For example, the flexible file may be optimized for best user
experience (e.g., fast load time), the flexible file may be
optimized to manage local and/or network computing resources (e.g.,
minimize requests for content), or the flexible file make take a
balanced approach. In embodiments, the indication provides
instruction as to how the flexible file should be optimized. For
example, the indication may include instructions for saving storing
some data within the flexible file while storing references to
other data within the file. In embodiments, the instructions as to
whether to store the content within the flexible file may be the
type of content, size of content, or other characteristics of the
content. Although the method 500 is illustrated as providing three
different types of optimization, one of skill in the art will
appreciate that the flexible file may be created so as to fall
anywhere on a spectrum between storing all the content within the
file itself or storing all the content remotely by including a
mixture of stored content, individually referenced content, and/or
collectively referenced content.
[0046] In one embodiment, the determination made at operation 506
may be based upon an indication received by the application and/or
process performing the method 500. For example, an indication of a
preference set by the user may be used to make the determination at
operation 506. In another embodiment, the determination may be made
dynamically based upon usage history, network resources, the amount
of content included in the flexible file, or by any other
mechanism.
[0047] In embodiments, if the flexible file is to be optimized for
minimal load time (e.g., maximize user experience) flow branches
"MINIMIZE LOAD TIME" from decision 506 to operation 508. At
operation 508, one or more clip objects are created that store one
or more references to one or more content items, rather than
storing the actual content items. In embodiments, the one or more
references may be absolute references, relative references,
tokenized references, or any other type of reference known to the
art. Flow continues to operation 510 where the one or more
reference content items are stored external to the flexible file,
either on a local machine, a remote machine, distributed across a
network of machines (e.g., stored on a cloud), or in a combination
of locations. In order to increase load times, the one or more
content items stored at operation 510 may be stored individually
thereby allowing the request and retrieval of individual pieces of
content thus minimizing load time. In a particular embodiment, for
example, operations 508 and 510 may create a flexible file that may
contain a majority of components similar to the embodiment
illustrated in FIG. 3 in order to minimize load time; however,
other types of components may also be included in the flexible
file. Once all the clip objects are created in operation 508 and
all the content stored in operation 510 flow continues to operation
518 where the flexible file is stored, by, for example, writing the
flexible file to memory.
[0048] In embodiments, if the flexible file is to be optimized to
minimize the burden on local and/or network computing resources,
flow branches "MINIMIZE REQUESTS" from decision 506 to operation
512. At operation 512 one or more clip objects that store one or
more content items. In a particular embodiment, for example,
operation 512 may create a flexible file that may contain a
majority of component similar to the embodiment illustrated in FIG.

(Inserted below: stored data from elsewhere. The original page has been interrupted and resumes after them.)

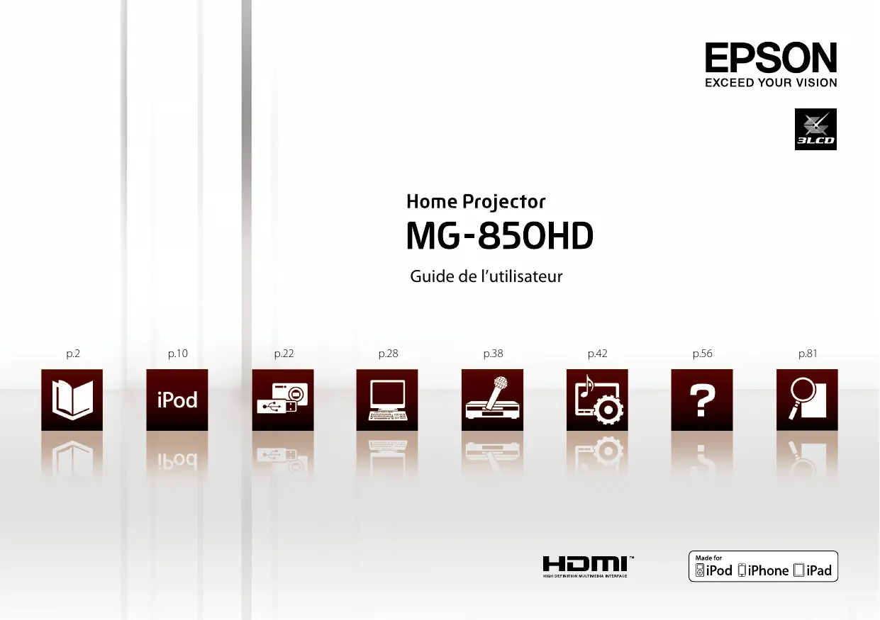 Avis général iPad, iPhone, iPod, iPod nano, and iPod touch are trademarks of Apple Inc. , registered in the U.S. and other countries. Apple, iTunes, and Mac OS are trademarks of Apple Inc. Microsoft, Windows, Windows Vista, PowerPoint et le logo Windows sont des marques commerciales ou déposées de Microsoft Corporation aux États-Unis et/ou dans d'autres pays. HDMI et High-Definition Multimedia Interface sont des marques commerciales ou déposées de HDMI Licensing LLC. Les autres noms de produits cités dans le présent manuel sont donnés à titre d’information uniquement et lesdits produits peuvent constituer des marques de leur propriétaire respectif. Epson décline tout droit quant à ces produits. ©SEIKO EPSON CORPORATION 2011. All rights reserved.
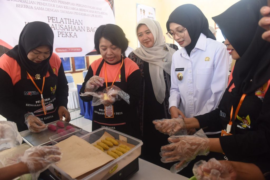 Kota Kediri-Wali Kota Kediri Vinanda Prameswati bersama Ketua TP PKK Kota Kediri Faiqoh Azizah Muhammad meninjau langsung kegiatan Pelatihan Kewirausahaan yang digelar di Balai RW Kelurahan Banjarmlati, Rabu (23/7/2025). Pelatihan ini diikuti oleh 46 orang yang merupakan para perempuan kepala keluarga (PEKKA) di tiap kelurahan di Kota Kediri.
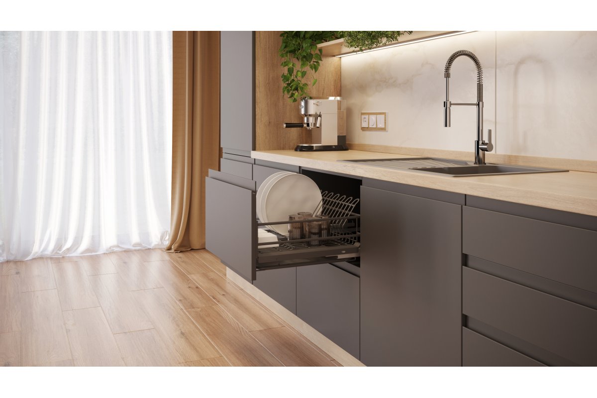 В конструкции посудосушителя предусмотрена регулировка фасада:
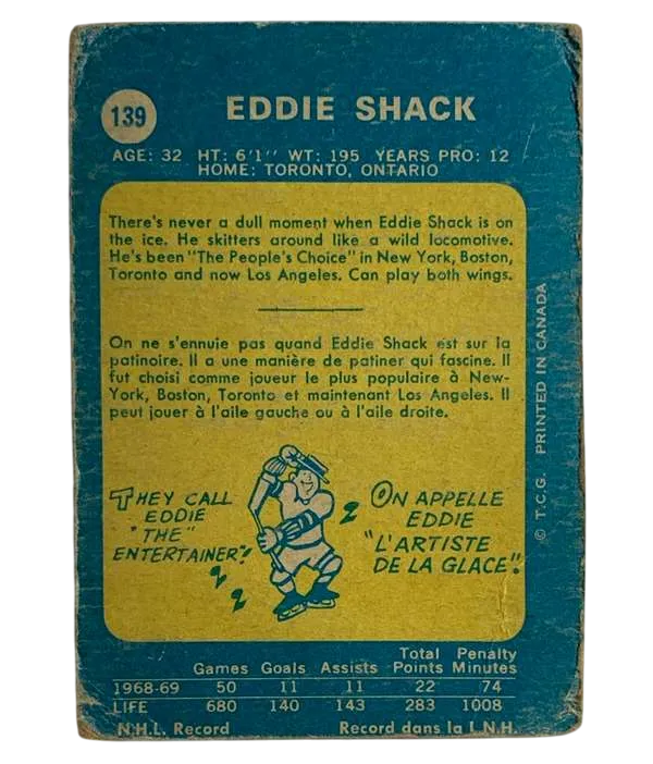 Crafted in Canada during the grips of the National Hockey League's 1969 season, this card captures the essence of the sport in its purest form. It's a tangible piece of the ice hockey legacy, connecting enthusiasts to the golden era of the game and the players who skated through it, including the tenacious Eddie Shack.
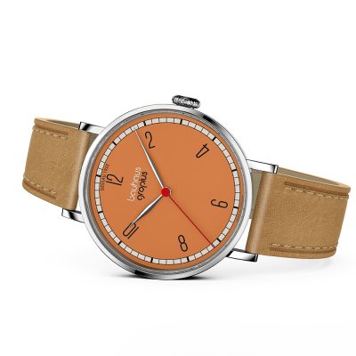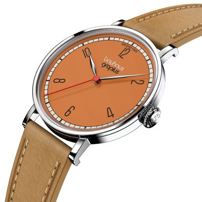 This Walter Gropius watch has a case made of stainless steel with a diameter of 38 mm and is fitted with a leather band. Inside the case lies a Miyota movement and the watch features a Double anti-reflective sapphire crystal.
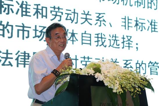 第一位演講嘉賓是董保華教授,演講主題是“勞動合同法十大失衡的再闡述”。董保華教授首先指出改革開放的成功說明我們做對了什么,當前的經濟下行說明我們做錯了什么。中央目前提出的“降成本的重點是增加勞動用工的靈活性”已經預示著《勞動合同法》進入修訂議程。目前,國家對于企業用工靈活性問題正在反思。
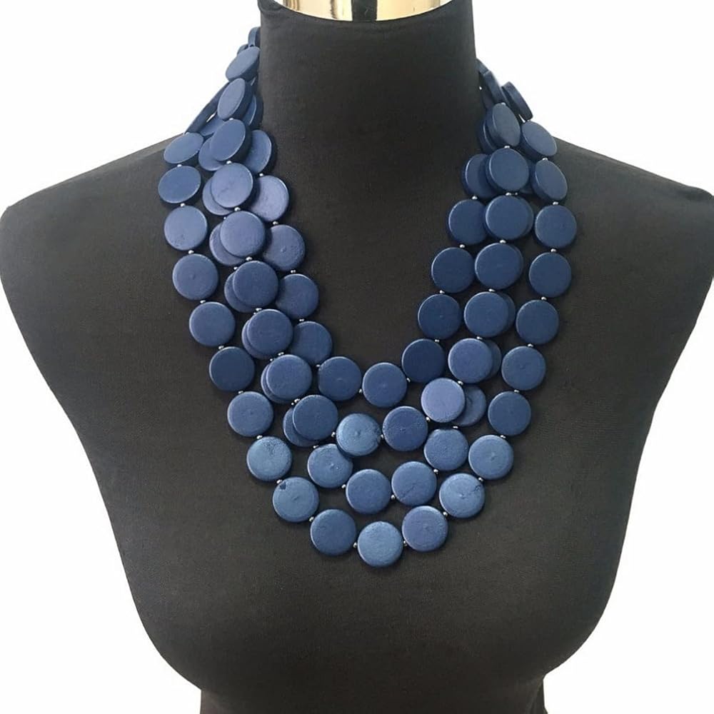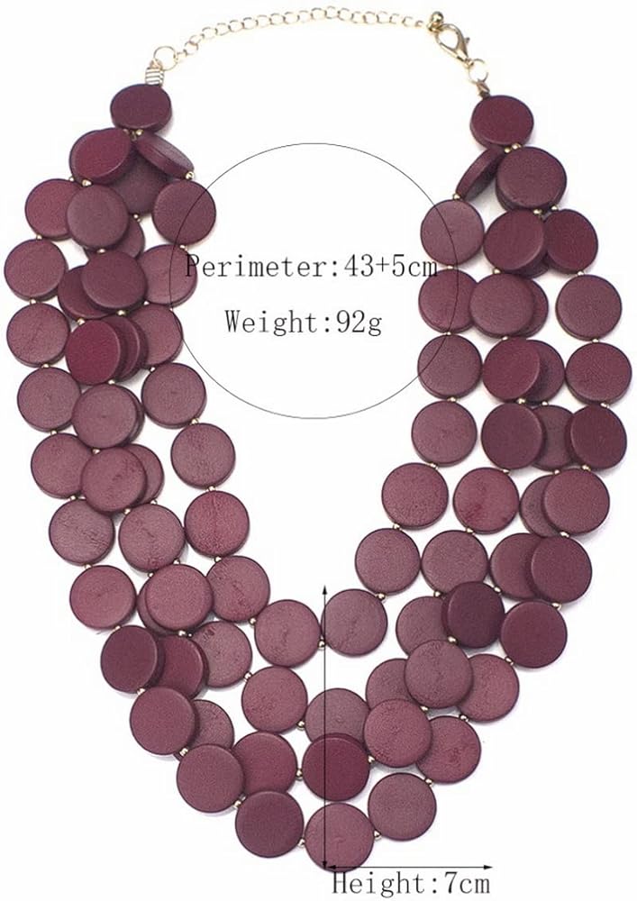 Material Wooden beads, statement African jewelry. Rich color matching, thick bib necklace with a variety of clothing. Make you particularly eye-catching. Hand-made, environmentally friendly materials and exquisite craftsmanship. The thick bib necklace uses high-quality weaving technology to connect wooden beads in series.
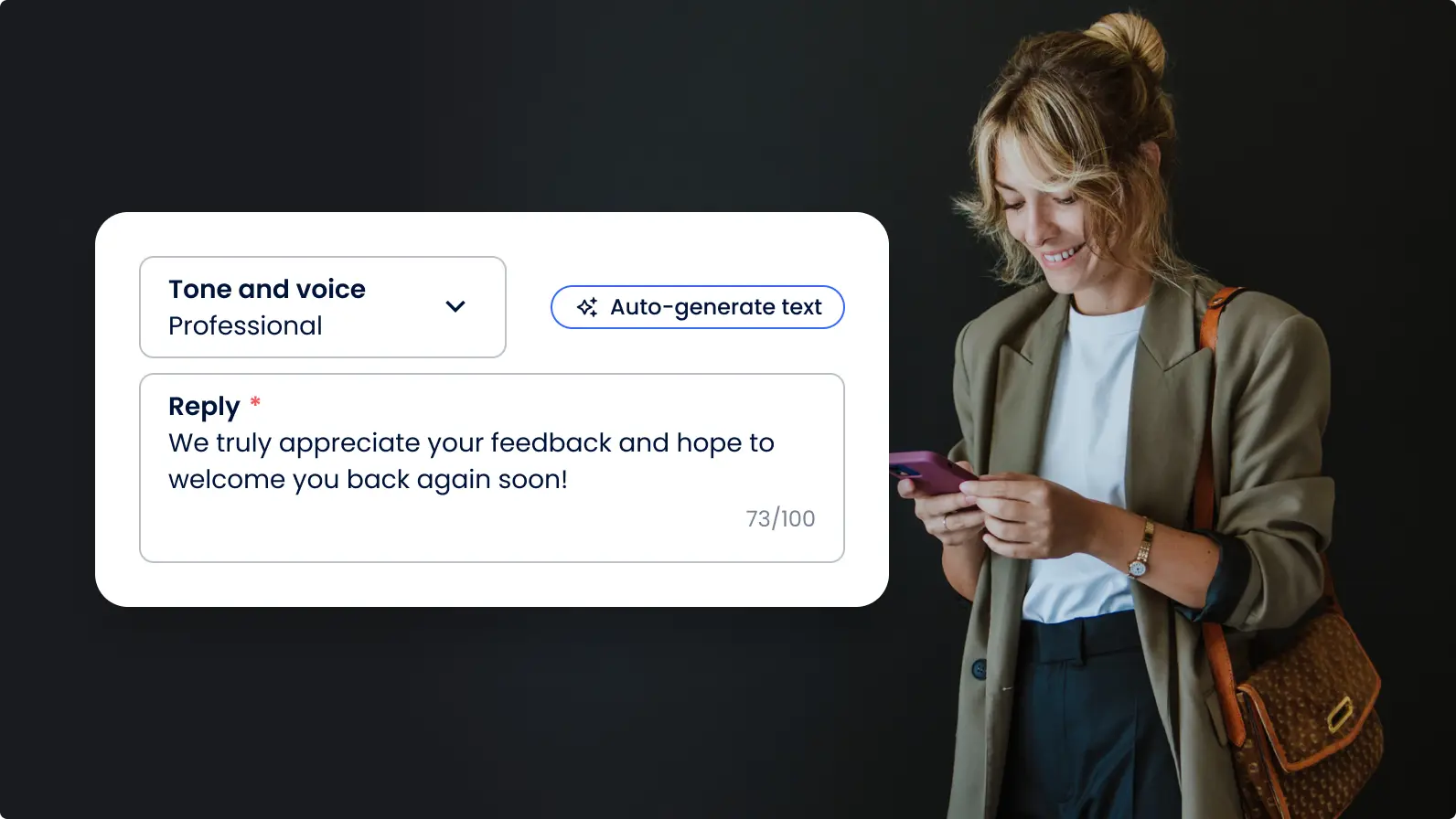 Edit or approve any auto-generated text based on your required tone, voice, and preferred language β€” before posting.
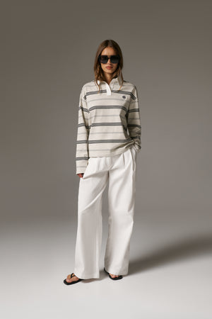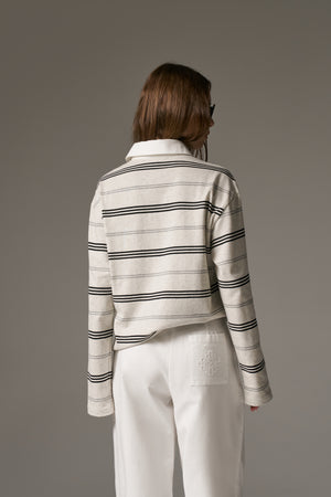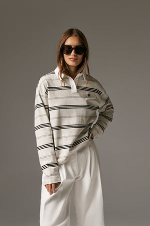 - Jersey striped long sleeved polo tee
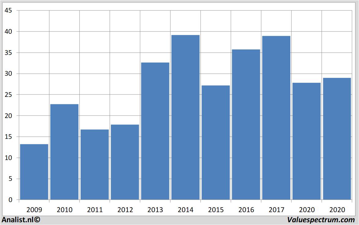 De analisten rekenen voor 2020 op een nettowinst van 143 miljoen euro. Op basis van de meest actuele analistenconsensus een houdt het bedrijf een winst per aandeel van 2,4 euro over. Op basis hiervan komt de koerswinstverhouding op 12,09 uit.
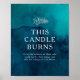 Denna stämningsfulla akvarellaffisch för bröllop med texten "det här ljuset brinner" är perfekt för ditt enkla tropiska bohemiska bröllop. Den är designad med minimalistiska vita tropiska blad och en fantastisk mörkblå-grön bakgrund.
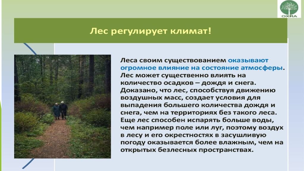 Ч ем больше деревьев, тем прохладнее становится атмосфера, и тем меньше вредных веществ испаряется и выделяется в воздух. Также древесные растения выделяют полезные вещества – фитонциды, способные уничтожать вредные грибы и микробы
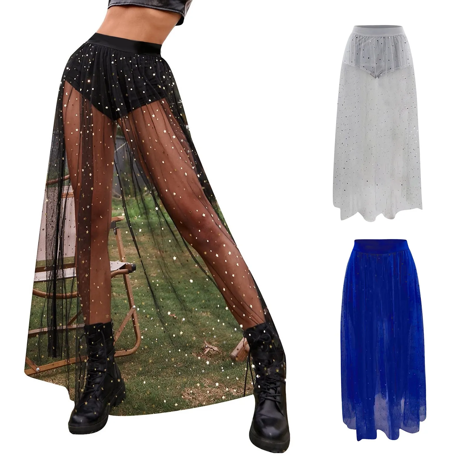 Women Sexy Mesh Patchwork See Through Skirt Fashion High Waist Pleated Bottom Half Body Skirt Sequins Decoration Wrap Hip Skirt
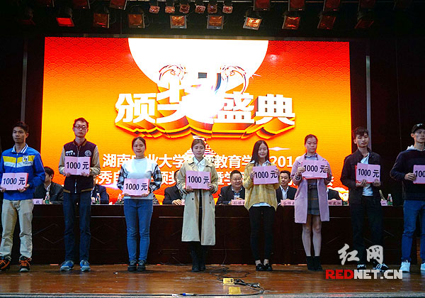 红网长沙10月26日讯(时刻新闻记者 刘怡斌 通讯员 裴昌胜)10月26日下午,湖南农业大学举行优秀自考生颁奖典礼暨学风建设动员大会,64名学生和16个班级、寝室获得30万元奖励,1200多名师生参加颁奖仪式。
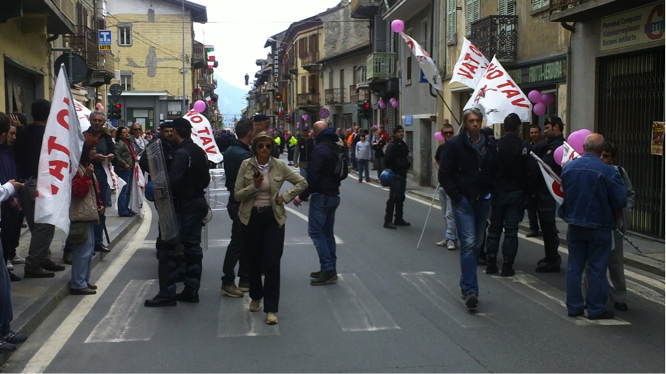 Non chiediamo dibattiti sulla TAV durante un “processo alla tappa”, ma il rispetto di quello che siamo e quindi il non oscuramento delle bandiere e nemmeno l’oscuramento della militarizzazione del territorio, degli agenti, polizia e carabinieri, in tenuta antisommossa che hanno presidiato a Bussoleno Via Traforo: ennesima esibizione di muscoli inutili, perché nessuno voleva ,sventolando le bandiere, bloccare il Giro.
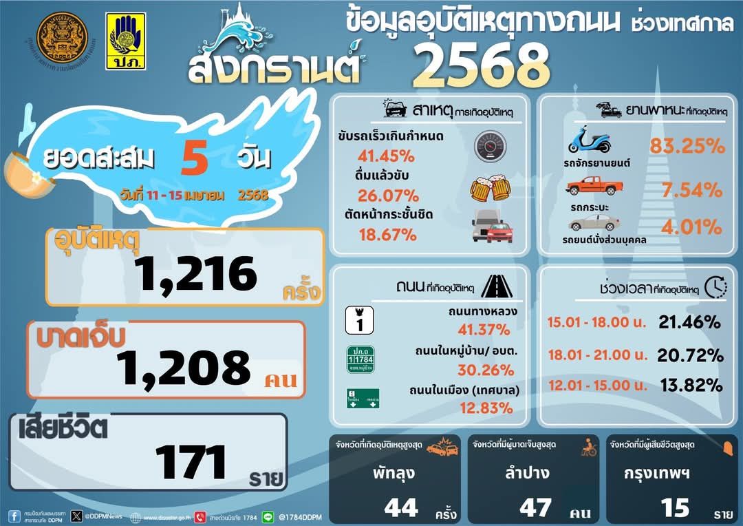 สำหรับข้อมูลอุบัติเหตุทางถนนช่วงเทศกาลสงกรานต์ พ.ศ. 2568 ประจำวันที่ 15 เมษายน 2568 ซึ่งเป็นวันที่ห้าการรณรงค์ “ขับขี่ปลอดภัย เมืองไทยไร้อุบัติเหตุ” ศูนย์อำนวยการป้องกันและลดอุบัติเหตุทางถนนช่วงเทศกาลสงกรานต์ พ.ศ. 2568 โดยกรมป้องกันและบรรเทาสาธารณภัยและความร่วมมือของหน่วยงานภาคีเครือข่ายได้รวบรวมสถิติอุบัติเหตุทางถนนประจำวันที่ 15 เมษายน 2568 เกิดอุบัติเหตุ 214 ครั้ง ผู้บาดเจ็บ 209 คน ผู้เสียชีวิต 27 ราย สาเหตุที่ทำให้เกิดอุบัติเหตุสูงสุด ได้แก่ ขับรถเร็ว ร้อยละ 36.92 ดื่มแล้วขับ 31.31 และทัศนวิสัยไม่ดี ร้อยละ 20.09 ยานพาหนะที่เกิดอุบัติเหตุสูงสุด ได้แก่ รถจักรยานยนต์ ร้อยละ 85.32 ส่วนใหญ่เกิดบนเส้นทางตรง ร้อยละ 87.38 ถนนกรมทางหลวง ร้อยละ 36.45 ถนนในอบต./หมู่บ้าน ร้อยละ 33.18 ถนนกรมทางหลวงชนบท ร้อยละ 14.95 ช่วงเวลาที่เกิดอุบัติเหตุสูงสุด ได้แก่ เวลา 18.01 -21.00 น. ร้อยละ 22.90 เวลา 15.01 – 18.00 น. ร้อยละ 20.56 และเวลา 00.01 – 03.00 น. ร้อยละ 13.55 ผู้บาดเจ็บและเสียชีวิตสูงสุดอยู่ในช่วงอายุ 20-29 ปี ร้อยละ 20.34 จัดตั้งจุดตรวจหลัก 1,764 จุด เจ้าหน้าที่ปฏิบัติงาน 51,039 คน โดยจังหวัดที่เกิดอุบัติเหตุสูงสุด ได้แก่ ประจวบคีรีขันธ์ (10 ครั้ง) จังหวัดที่มีผู้บาดเจ็บสูงสุด ได้แก่ ประจวบคีรีขันธ์ (13 คน) จังหวัดที่มีผู้เสียชีวิตสูงสุด ได้แก่ พิษณุโลก (3 ราย)
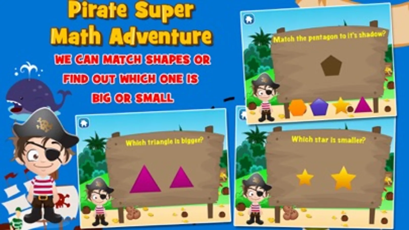 Shiver me timbers! Pirate Math for Preschoolers: Super Math Adventure on Treasure Island is a free app that features interactive, engaging, fun and cool math games that teach children about counting, matching, missing number, sizes, adding and subtracting.
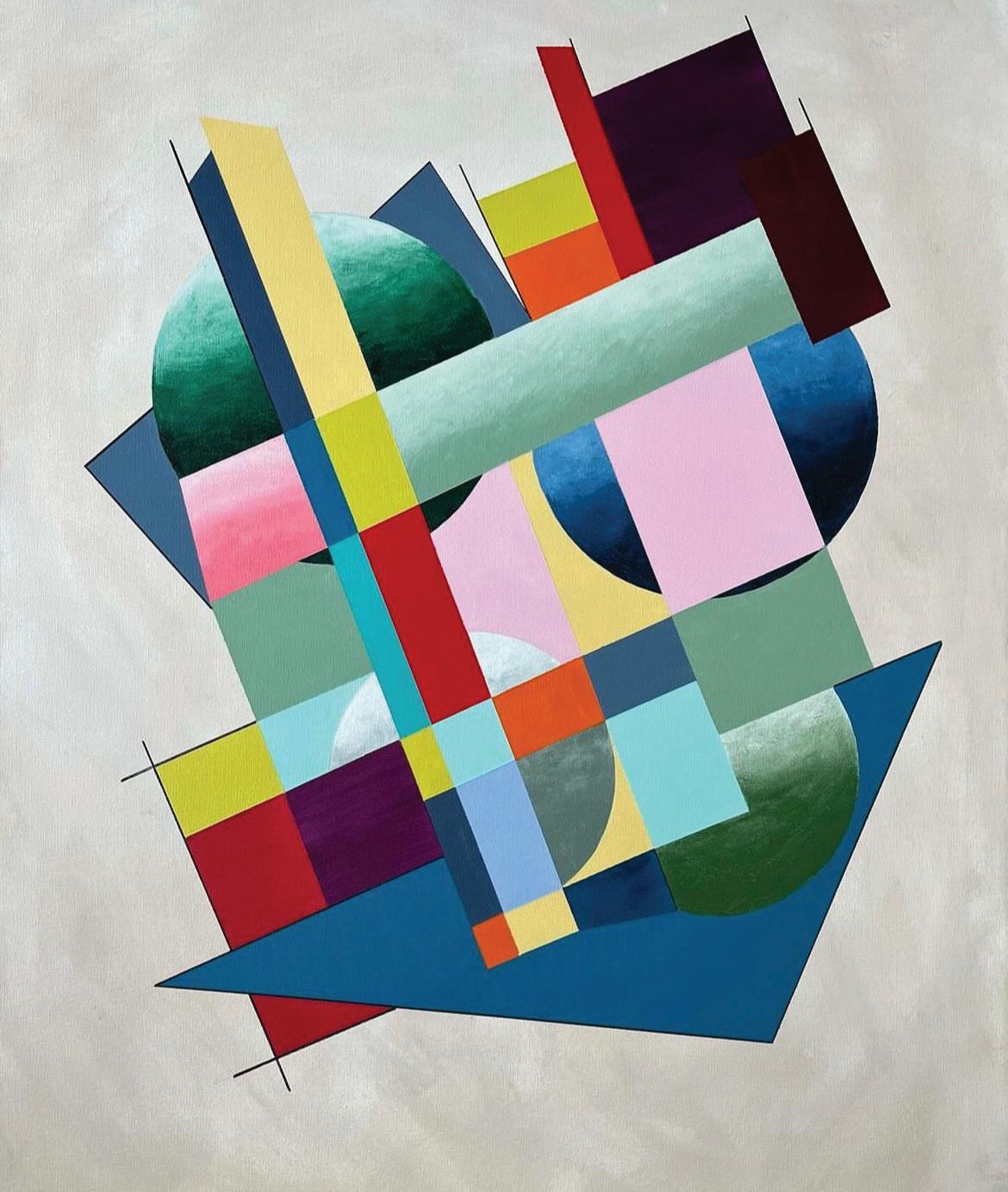 His artistic style serves as a visual manifestation of the innermost sparks of his spirit, capturing an unwavering commitment to absolute independence and expressing his innate emotions through the language of bold color, cubism, and geometric abstraction. Coming from a creative family, he nurtured a lifelong passion for the arts. Geometric abstraction lets him channel his love for color and shift from art as a hobby to his vocation, aiming to foster connection and communication. His pieces fuse vivid colors, bold lines, and angular shapes, resulting in luminous and energetic narratives.

2 in order to minimize requests and retrieval of content; however,
other types of components may also be included in the flexible
file. In embodiments, the content stored in the clip objects at
operation 512 may be stored individually or as a collection. Once
all the clip objects are created in operation 512 flow continues to
operation 518 where the flexible file is stored, by, for example,
writing the flexible file to memory.
[0049] In embodiments, a more balanced flexible file may be created
in which case flow branches "BALANCED" from decision 506 to
operation 514. At operation 512 a plurality of clip objects may be
created. The plurality of clip objects may include clip objects
that store content items, store references to individual content
items, and/or store references to collections of content.
Furthermore, clip objects storing references may store absolute
references, relative references, tokenized references, or any other
type of reference known to the art. Flow continues to operation 516
where content not stored in the clip objects at operation 514 may
be stored individually, as a collection of content, or both. The
individual and collective content may be stored external to the
flexible file either on a local machine, a remote machine,
distributed across a network of machines (e.g., stored on a cloud),
or in a combination of locations. In a particular embodiment, for
example, 514 and 516 may create a flexible file that may contain a
majority of components similar to the embodiment illustrated in
FIG. 4. Once all the clip objects are created in operation 514 and
all the content stored in operation 516 flow continues to operation
518 where the flexible file is stored, by, for example, writing the
flexible file to memory.
[0050] In embodiments, once the flexible file is created the file
may be modified to adapt to changing user scenarios and/or hardware
conditions. For example, a clip that stores a content item in the
flexible file may be modified at a later time to store references
to the content item. The content item previously stored in the clip
may be moved such that it is stored external from the file, either
locally or remotely. The moved content item may be externally
stored individually or as part of a collection of content.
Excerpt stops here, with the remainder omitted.